C'est ainsi que vous avez eu l'honneur de commander durant l'année 1994 les troupes de l'ONU en Bosnie-Herzégovine, parmi lesquelles quelque 4000 soldats français.
Unanimement salué pour votre détermination et votre courage, vous avez tout fait pour ramener la paix dans cette partie de la Yougoslavie déchirée. La France et l'Angleterre vous doivent beaucoup la Bosnie et cette partie du monde aussi, et, tout simplement, vous l'avez fait avec cette élégance toute britannique de la tradition que j'évoquais tout à l'heure. C'est pourquoi mon général je serais particulièrement heureux de vous remettre la croix de commandeur de la Légion d'honneur, ce que je vais faire avec beaucoup de plaisir dans un instant.
A la tête d'un commandement multinational, vous avez marqué une grande attention aux détachements français placés sous vos ordres.

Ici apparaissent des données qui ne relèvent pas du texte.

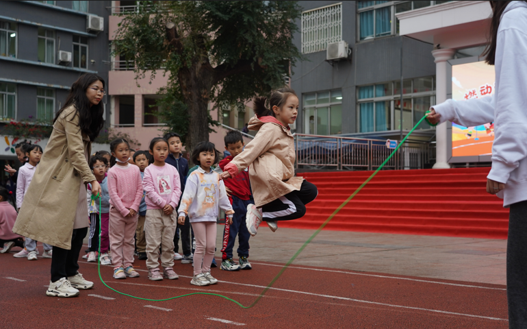 随后,在跳绳比赛的一声令下,赛场的热情瞬间推上热潮,加油团的阵阵欢呼激励着运动员们,班级的荣誉感牵动着每一位师生,老师们奋力的摇着跳绳,同学们像一个个灵动的小兔子,穿梭跳跃在跳绳中。
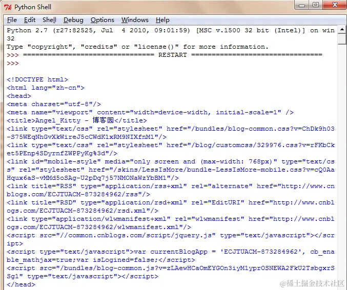 说了这么多,先来感受下一个爬虫吧,这里我们直接抓取一个网页例如:www.cnblogs.com/ECJTUACM-87…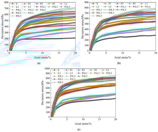 Stress–strain curves of red clay under different modifier addition amounts: (a) 100 kPa; (b) 200 kPa; (c) 300 kPa.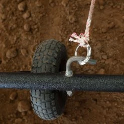All new redesigned legs for the most realistic roping practice available. Legs cross and stretch back when a heeler has a dally, similar to a live roping steer. Sled is coated with a rubber-like protector for added durability. The RR-5 includes a breakaway hitch and wheels. The breakaway hitch comes unfastened from the tow vehicle when the sled is roped and turned left by the header, allowing for a complete team roping run.
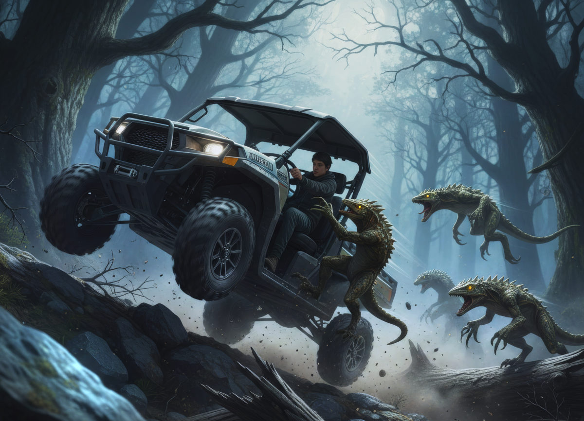 I den tågede, mystiske skov kæmper en modig eventyrer for at undslippe en flok glubske øgler i sit terrængående køretøj. Med hjulene løftet fra jorden og motoren brølende, navigerer han gennem det ujævne terræn, mens de forhistoriske væsner med lysende øjne jager ham tæt. Spændingen er intens, og hvert et øjeblik er en kamp for overlevelse i denne farefulde vildmark.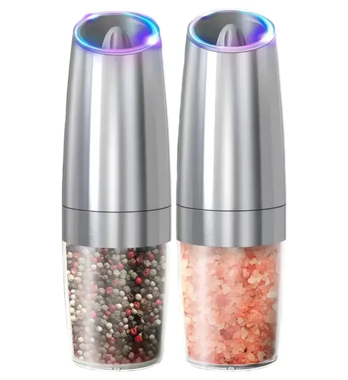 Luz LED brilhante: Nosso conjunto de saleiros e pimenteiros elétricos possui uma luz LED azul brilhante que acende automaticamente durante o uso. A luz LED facilita a visualização da quantidade de tempero que você está adicionando, mesmo em condições de pouca luz.
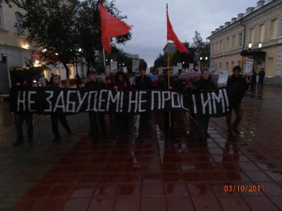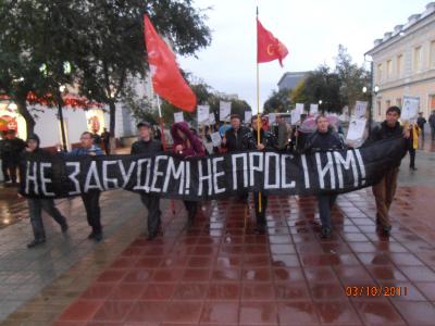 По окончанию мероприятия, активисты выстроились в колонну и провели по улице Советской траурное шествие. Комсомольцы держали в руках транспарант "Не забудем! Не простим!". Также у каждого участника шествия были свечки в память о сотнях погибших в те трагические дни и портреты жертв «черного октября». Всю дорогу скандировались лозунги: "Помним, чтим... Не забудем, не простим!", "Слава героям 93-го!", «Нет прощения палачу Ельцину!» и другие.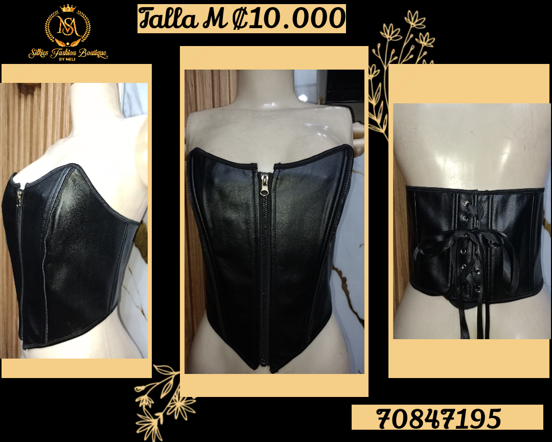 Este corsé de cuero en talla M es perfecto para realzar tu figura con estilo y elegancia. Cuenta con un cierre frontal de cremallera y un ajuste trasero con cordones para un ajuste perfecto. Ideal para combinar con diferentes atuendos y destacar en cualquier ocasión.

Ils ont été très sensibles à votre humanité, à votre panache et à votre francophilie. Le général de La Presle, qui commandait alors la Forpronu, et que je suis très heureux de saluer ici, peut en témoigner.
Grand soldat, apprécié de vos hommes, vous avez acquis toute l'estime et l'amitié de la France.
A travers vous, c'est aussi à l'action des forces des Nations Unies dans l'ex-Yougoslavie que je veux rendre hommage.
La France et la Grande-Bretagne constituent le fer de lance de l'engagement des Nations Unies dans l'ex-Yougoslavie.
En créant la Force de réaction rapide, nos deux pays n'ont pas seulement mis un terme à l'humiliation inacceptable de nos soldats. Ils ont permis un nouvel équilibre sur le terrain et créé les conditions de la dynamique de paix que nous connaissons aujourd'hui.
La France et la Grande-Bretagne, en liaison avec leurs partenaires, sont à la pointe des efforts diplomatiques engagés en vue d'un règlement de paix conforme à nos valeurs, garantissant à la fois l'unité de la Bosnie-Herzégovine et les droits des populations qui la composent. Nos deux pays joueront demain, côte à côte, un rôle éminent pour la mise en oeuvre du plan de paix.
Votre action, Mon général, a contribué de manière décisive à la coopération exemplaire engagée entre la France et la Grande-Bretagne. Nous ne l'oublierons pas.
Au nom de la République française, je vous fais commandeur de la Légion d'honneur.